Preuve de l’Employeur
[76] L’Employeur n’a pas présenté de preuve additionnelle à celle déjà produite au dossier.
POSITION DES PARTIES
Le Syndicat
[77] Le Syndicat rappelle que la décision de l’Employeur de faire perdre le gagne- pain de madame Pageau, se produit après qu’elle ait accompli 448,5 jours entre 2009 et 2013, soit près de cinq ans de suppléance et de contrats en enseignement à la commission scolaire.
[78] Il soumet que les paroles prononcées par madame Pageau doivent être placées dans leur contexte, ce qui leur retire toute gravité objective, de telle sorte que la décision de l’Employeur de retirer son nom de la liste de suppléance, pour ce seul motif, est déraisonnable et rend la décision abusive.
[79] Il rappelle les exigences de la bonne foi du Code civil, lesquelles s’imposent tant au moment de la naissance d’une obligation, lors de son exécution qu’au moment de son extinction. Celles-ci sont réputées faire partie de toute convention collective.
[80] Le caractère raisonnable des droits de gestion doit aussi être examiné en tenant compte de l’ensemble des circonstances.
[81] Contrairement aux enseignants titulaires, les enseignants suppléants ne connaissent pas les élèves qui leur sont confiés.
[82] Le 24 octobre 2013, madame Pageau doit remplacer en fin de journée, alors que les élèves reviennent d’activités diverses au cours de la journée et le titulaire l’avise alors que ce ne sera pas évident. Même les élèves lui disent qu’elle va souffrir, en disant avoir fait pleurer la dernière suppléante. Le titulaire l’avise également qu’un élève devra possiblement être expulsé. Madame Pageau ne connaît pas l’élève en question et les élèves ne sont pas installés à leur place. Tel est le contexte dans lequel les paroles sont prononcées.

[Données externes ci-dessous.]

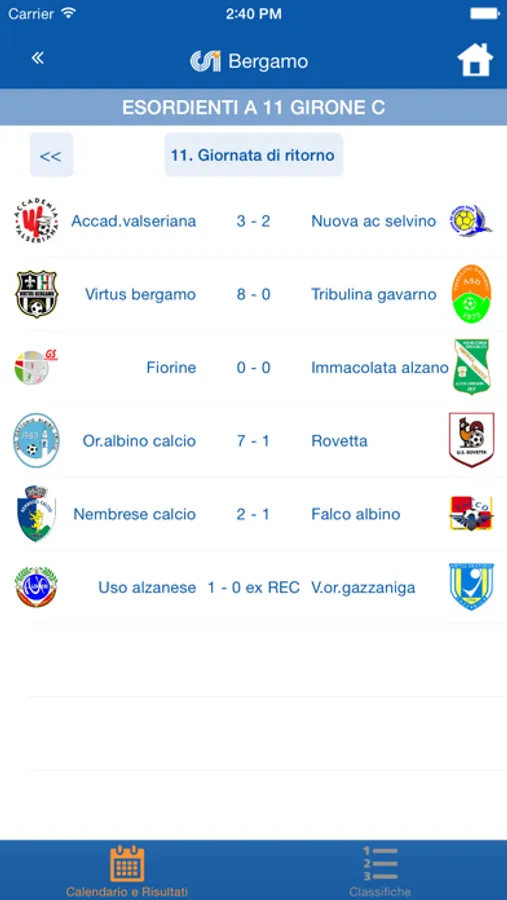 In rosso sono visualizzati i risultati provvisori segnalati dai responsabili di squadra mentre in blu le informazioni accertate dal CSI di Bergamo.

[83] Un expert est venu expliquer que la gestion de classe est la compétence la plus difficile et que madame Pageau a eu un comportement éthique en ce qu’elle a expliqué à l’élève que son expression se voulait humoristique. Par conséquent, la décision de la commission scolaire, basée sur ce seul événement, est d’une sévérité disproportionnée à son endroit.
[84] Le milieu de l’éducation présente une certaine violence à laquelle les enseignants sont quotidiennement confrontés. Un enseignant moins expérimenté est aussi exposé à des interactions spontanées enseignants-élèves et les attentes ne peuvent pas être les mêmes à l’endroit d’un enseignant en début de carrière : il n’est pas raisonnable de s’attendre à une totale absence d’erreur et à la perfection; les nouveaux enseignants sont aussi des êtres humains.
[85] Dans la lettre E-4, madame Pageau exprime ses regrets: elle a fait tout ce qu’elle pouvait faire pour corriger. Un employeur raisonnable lui aurait permis de rencontrer les parents, l’élève, etc. L’utilisation de l’humour, par madame Pageau, est corroborée par la preuve testimoniale et par l’évaluation de l’année scolaire 2008-2009 (S-18). Le contexte d’humour dans lequel ses paroles ont été prononcées colore tout autrement l’impact qu’ont pu avoir ses propos et son intention réelle.
[86] L’expert a souligné l’utilisation qui est faite des enseignants les moins expérimentés pour les tâches les plus difficiles. La littérature confirme que les élèves testent les enseignants suppléants.
[87] La pièce S-6 indique les critères de l’Employeur au regard des enseignants suppléants : la disponibilité, le nombre d‘heures et la qualité du travail. Madame Pageau a fait preuve de disponibilité et elle n’avait d’autre choix que de tenter d’effectuer beaucoup d’heures. Lorsqu’il a pris sa décision, l’Employeur ne peut pas avoir pensé que madame Pageau était dangereuse, incompétente, non disponible.
[88] Madame Pageau a retenu les remarques de ses évaluations pour chercher à s’améliorer. À la moindre plainte d’un parent, elle est évacuée. Son rendement ne peut pas être considérablement insatisfaisant comparé à celui des autres suppléants.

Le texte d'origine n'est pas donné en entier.